Your objective:
Beginning with the opening line of the entries, return every line through the one containing "Flip Phone Folding", both included, and nothing else. Omit pictures.

(Exercise materials begins)

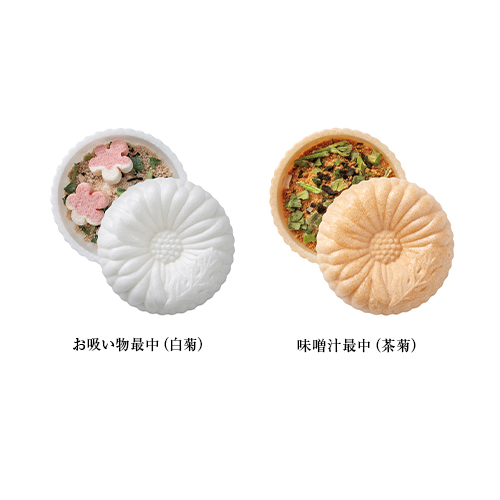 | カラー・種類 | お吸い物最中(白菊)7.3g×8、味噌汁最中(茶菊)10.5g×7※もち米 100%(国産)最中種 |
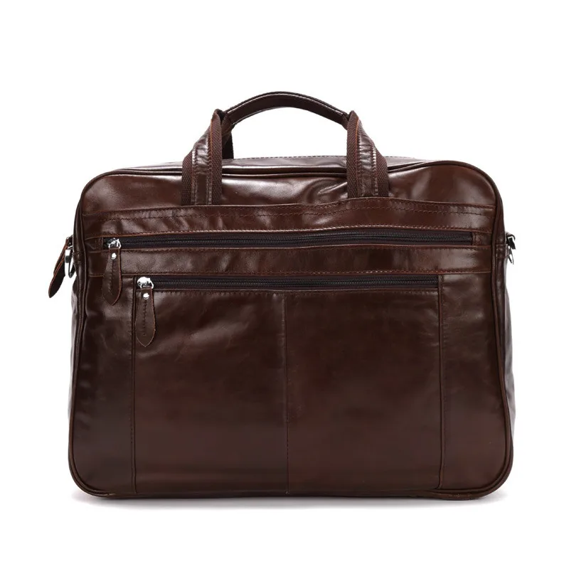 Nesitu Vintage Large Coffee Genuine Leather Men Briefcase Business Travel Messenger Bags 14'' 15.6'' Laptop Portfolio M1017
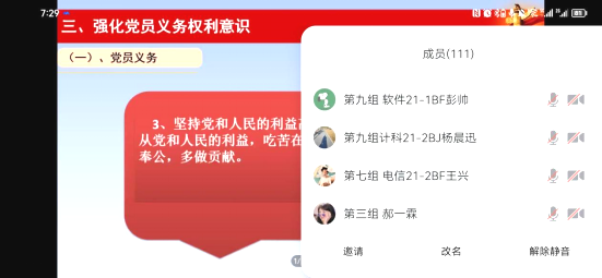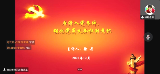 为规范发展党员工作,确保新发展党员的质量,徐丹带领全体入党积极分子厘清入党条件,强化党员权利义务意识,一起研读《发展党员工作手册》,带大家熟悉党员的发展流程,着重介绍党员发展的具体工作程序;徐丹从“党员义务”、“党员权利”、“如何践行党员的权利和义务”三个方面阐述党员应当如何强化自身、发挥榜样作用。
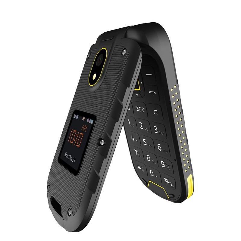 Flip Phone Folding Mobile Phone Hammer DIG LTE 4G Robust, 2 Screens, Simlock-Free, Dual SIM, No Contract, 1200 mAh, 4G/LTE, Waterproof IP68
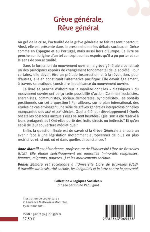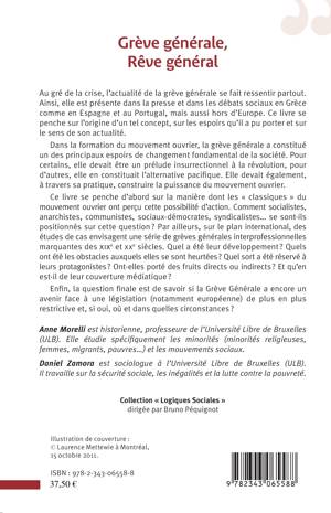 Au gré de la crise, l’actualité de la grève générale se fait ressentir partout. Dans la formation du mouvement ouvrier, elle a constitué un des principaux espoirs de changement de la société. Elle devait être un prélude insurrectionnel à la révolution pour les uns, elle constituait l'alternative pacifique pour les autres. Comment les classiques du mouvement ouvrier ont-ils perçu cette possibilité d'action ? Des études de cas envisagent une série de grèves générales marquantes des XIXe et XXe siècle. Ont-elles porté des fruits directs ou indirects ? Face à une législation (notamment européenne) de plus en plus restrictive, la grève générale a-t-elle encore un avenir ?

(Exercise materials ends)

Written solution:
 | カラー・種類 | お吸い物最中(白菊)7.3g×8、味噌汁最中(茶菊)10.5g×7※もち米 100%(国産)最中種 |
 Nesitu Vintage Large Coffee Genuine Leather Men Briefcase Business Travel Messenger Bags 14'' 15.6'' Laptop Portfolio M1017
 为规范发展党员工作,确保新发展党员的质量,徐丹带领全体入党积极分子厘清入党条件,强化党员权利义务意识,一起研读《发展党员工作手册》,带大家熟悉党员的发展流程,着重介绍党员发展的具体工作程序;徐丹从“党员义务”、“党员权利”、“如何践行党员的权利和义务”三个方面阐述党员应当如何强化自身、发挥榜样作用。
 Flip Phone Folding Mobile Phone Hammer DIG LTE 4G Robust, 2 Screens, Simlock-Free, Dual SIM, No Contract, 1200 mAh, 4G/LTE, Waterproof IP68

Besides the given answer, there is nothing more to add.